背景:视神经乳头水肿是一种与颅内压升高相关的眼科发现,通常由皮肤药物引起,包括皮质类固醇、异维甲酸和四环素。早期发现对于防止不可逆的视神经损伤至关重要,但在农村地区,获得眼科专业知识的机会往往有限。人工智能(AI)可以从眼底图像中自动准确地检测乳头水肿,从而支持及时诊断和管理。目的:本研究的主要目的是探讨chatgpt - 40的诊断能力,chatgpt - 40是一种具有多模态输入的通用大型语言模型,用于从眼底照片中识别乳头水肿。为此,将其性能与专门针对眼科成像进行微调的基于resnet的卷积神经网络(CNN)以及两位人类眼科医生的评估进行了比较。重点是在资源有限的环境中与皮肤病护理有关的应用。方法:对1094张眼底图像(瞳孔水肿295张,正常799张)进行预处理,划分为训练集和测试集。使用判别学习率和单周期学习率策略对ResNet模型进行微调。gpt - 40和两名人类评估者(一名高级眼科医生和一名眼科住院医师)独立评估了测试图像。计算每个评估者的诊断指标,包括敏感性、特异性、阳性预测值(PPV)、阴性预测值(NPV)、准确性和科恩Kappa。结果:gpt - 40应用于乳头水肿检测时,总体准确率为85.9%,一致性显著(Cohen’s Kappa = 0.72),但与基准模型相比,特异性(78.9%)和阳性预测值(73.7%)较低。在此背景下,ResNet模型对眼科成像进行了微调,达到了近乎完美的准确率(99.5%,Kappa = 0.99),而两位人类眼科医生的准确率为96.0% (Kappa≈0.92)。结论:本研究探索了gpt - 40(一个具有多模态输入的大型语言模型)从眼底照片中检测乳头水肿的能力。gpt - 40达到了中等的诊断准确性,并且与基本事实基本一致,但与特定领域的ResNet模型和人类眼科医生相比,它的表现都不佳。这些发现强调了通才大语言模型和专门诊断人工智能之间的区别:虽然gpt - 40没有针对眼科成像进行优化,但其可及性、适应性和快速发展突出了其作为未来临床筛查辅助手段的潜力,特别是在服务不足的环境中。这些发现也强调了在这些工具被广泛应用之前,需要对外部数据集和真实临床环境进行验证。
本文章由计算机程序翻译,如有差异,请以英文原文为准。

Exploring AI's Potential in Papilledema Diagnosis to Support Dermatological Treatment Decisions in Rural Healthcare.

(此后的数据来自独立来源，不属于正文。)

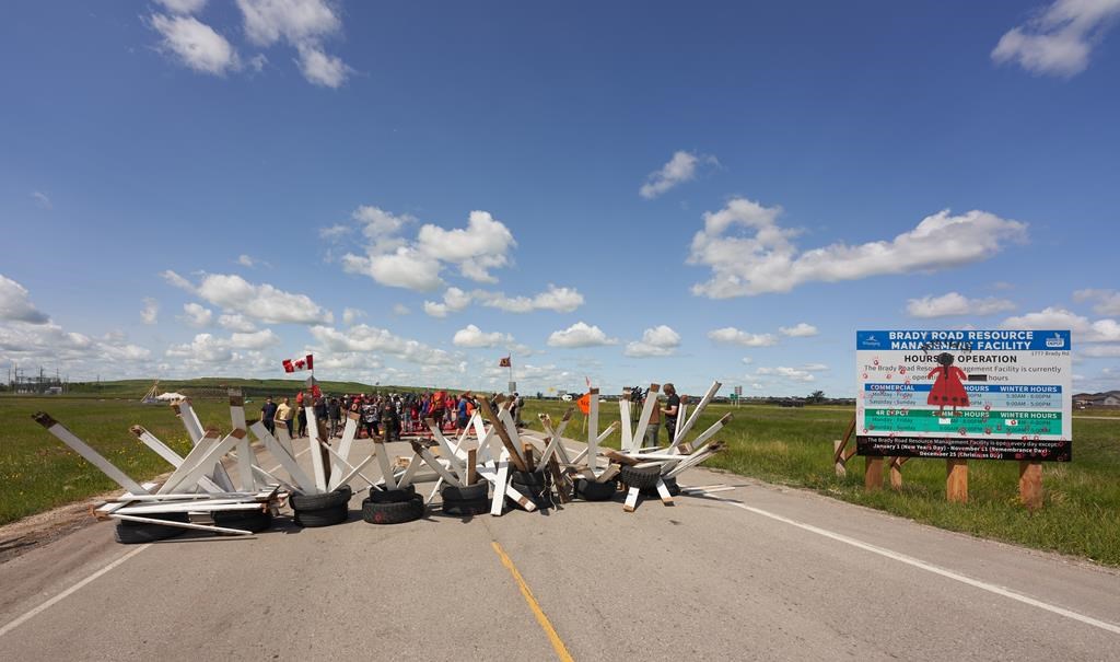 Le blocage a commencé la semaine dernière après que la première ministre du Manitoba, Heather Stefanson, a annoncé que la province ne soutiendrait pas une fouille de l'autre décharge, citant une étude selon laquelle cela pourrait coûter jusqu'à 184 millions $ et exposer les travailleurs à des produits chimiques toxiques et à l'amiante.

Exploring AI's Potential in Papilledema Diagnosis to Support Dermatological Treatment Decisions in Rural Healthcare.

Exploring AI's Potential in Papilledema Diagnosis to Support Dermatological Treatment Decisions in Rural Healthcare.

Exploring AI's Potential in Papilledema Diagnosis to Support Dermatological Treatment Decisions in Rural Healthcare.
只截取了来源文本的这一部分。